Era 1 · The Foundations (1936–1955) Mathematics breaks itself open. Something new stirs in the wreckage.

The World in 1936

The year 1936 was one of gathering storms. Adolf Hitler remilitarised the Rhineland in March; the Spanish Civil War erupted in July; at the Berlin Olympics in August, Jesse Owens won four gold medals as the Nazi hierarchy looked on in silence. In Britain, King Edward VIII abdicated in December. The world was fracturing along fault lines that would, within three years, ignite the largest war in human history. Meanwhile, in the quieter theatre of pure mathematics, a parallel crisis had been building since Kurt Gödel's 1931 incompleteness theorems demolished Hilbert's program: not all mathematical truth could be proved. One question from Hilbert's 1928 agenda remained open: the Entscheidungsproblem, the decision problem. Could there exist a mechanical procedure that, given any well-formed mathematical statement, would determine in finite time whether it was provable?
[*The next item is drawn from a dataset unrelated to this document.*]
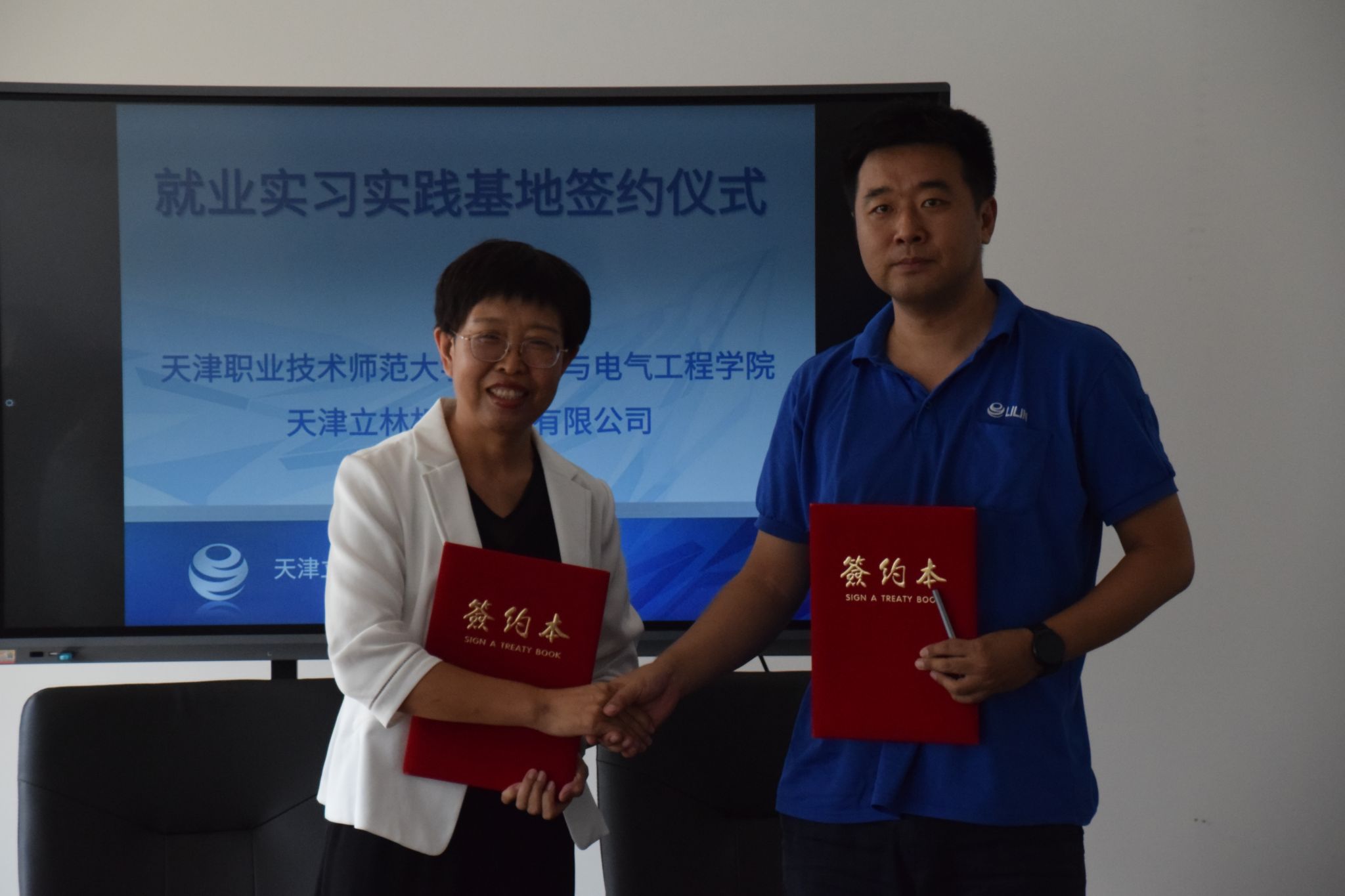 在与会人员见证下,双方举行签约授牌仪式。王冬霞与张伯弢代表双方共同签署校企合作协议,李靖代表学校向企业授予“天津职业技术师范大学就业实习实践基地”牌匾。

It was this question that a 24-year-old Cambridge graduate student, working largely in isolation during the summer of 1935, sat down to answer. His name was Alan Mathison Turing.

The Problem Turing Was Solving

David Hilbert's Entscheidungsproblem was not merely an academic puzzle. It was a foundational wager: that mathematics was, at its core, a finite formal game that could, in principle, be mechanised. If a decision procedure existed, then any mathematical question was, in theory, answerable by rote, by a sufficiently tireless clerk following rules.
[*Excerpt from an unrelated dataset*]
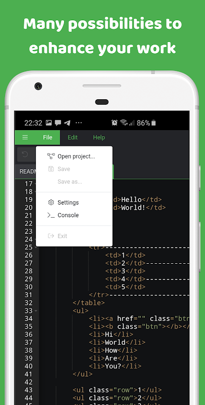 Perfect for desktop mode on Android devices. No account or Internet connection required, just download, run and start coding! The code files will be managed locally on your device.

To answer this, Turing had to do something radical: he needed a precise mathematical definition of what an algorithm actually is. Before 1936, "algorithm" was intuitive: a sequence of well-defined steps. Turing's genius was to make the concept rigorous by describing the most minimal possible machine that could carry out any such procedure. His answer was so clean, so austere, that it remains the standard model of computation nearly ninety years later.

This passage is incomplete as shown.